In “Social Capital in Action: Alignment of Parental Support in Adolescents’ Transition to Postsecondary Education,” Doo Whan Kim and Barbara Schneider explore the connection between parents’ social capital and their children’s acceptance into selective higher-education institutions. “Through actions that are functionally specific to (an) adolescent’s goal of gaining admission to college, parents can provide a bridge to resources and information outside the family that enable the adolescent to make a more informed choice of college; such actions reflect parents’ dynamic role as social resources for their children. In particular, we pay attention to different social support options that parents can activate for their adolescents depending on their socioeconomic status.” Essentially, a parent’s job becomes much more difficult and their options greatly limited if they don’t have enough money to provide their kid with resources to succeed and make it into a good college. Parents must be very involved in their children’s lives to make up for the lack of resources elsewhere. However, that is not always possible, and even if it is, children are stuck in a space without access to bridging social capital opportunities.

Caregivers without money, resources, or helpful connections need to make up for that with personal contributions of time.
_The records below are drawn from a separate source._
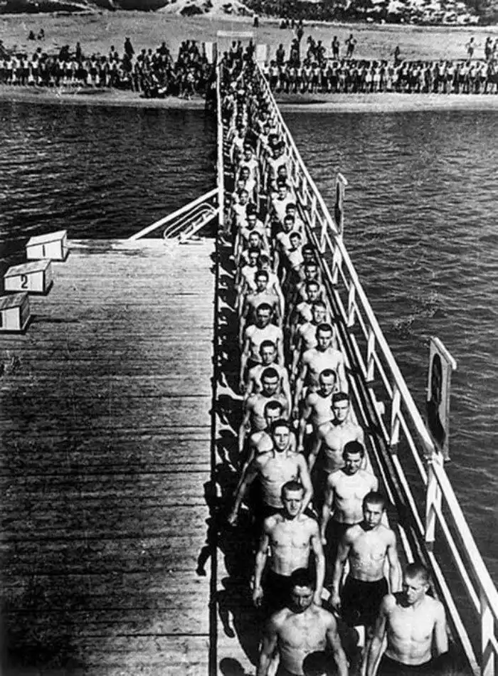 Крестьянский курорт в Ливадии. Утренняя зарядка, 1926 г.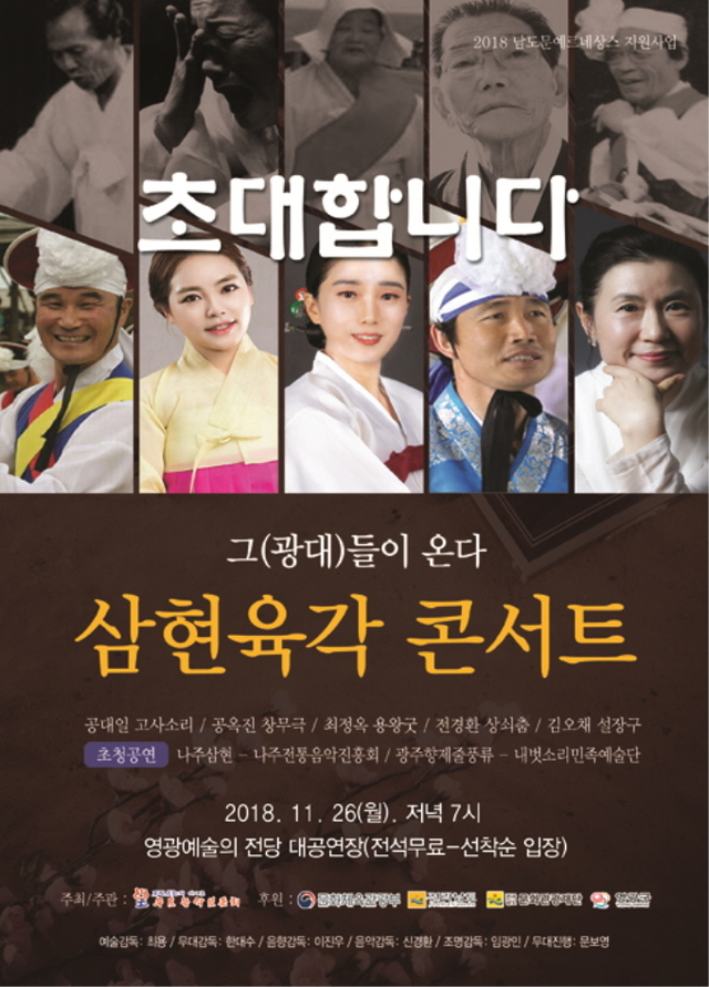 전남문화관광재단의 남도문예르네상스 지원 사업 일환으로 펼쳐지는 이번 공연에서는 공대일 고사소리, 공옥진 창무극, 최정옥 용왕굿, 전경환 상쇠춤, 김오채 설장구 등이 재현되어 영광 삼현육각의 진수를 관객들에게 선보일 예정이다.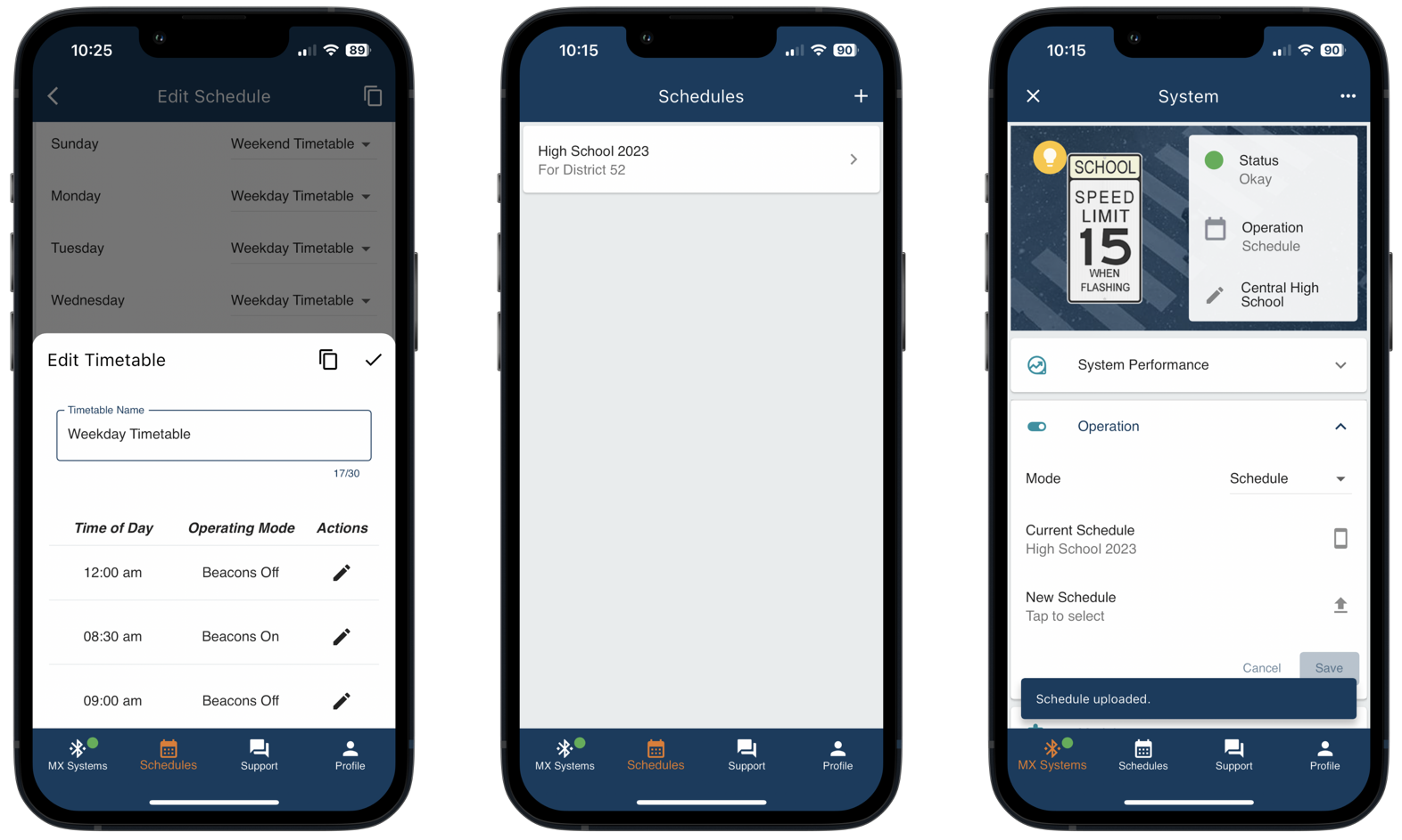 MX systems utilize the MX Field App for local programming, configuration and diagnostics. For more information on the mobile app please see our article here. A schedule can be built and uploaded to a system from your mobile device.

This helps build close familial ties, strengthening relational capital, and, according to several major scholars you will discover later on, powerful family bonds can approach the strength of a more professional and traditional work network, at least when it comes to the issue of support. Kim and Schneider again: “Academic help, proper guidance for school programs and information about the college admissions process, and institutional agents in the school can provide strong network ties that compensate for family networks when students’ parents have limited economic and social resources. A positive social relationship between parents/children and these resource providers becomes important in expanding the scope of available resources to secure better educational and occupational opportunities later in life.”

However, despite the potential lower-income families have to equalize the potential relational and cognitive capital gains that money can provide, structural capital remains centered to benefit a relatively small group of people, many of whom have close relational ties as well. The foundations of major social and business institutions are tied to specific groups, and everyone else has to manage that disadvantage when they are working for social capital. Unfortunately for the well-educated, and others who have risen to levels of academic distinction, there are certain competitive sectors where hard-won traits actually hold people back, and these areas compose significant impediments to certain people’s advancement in life.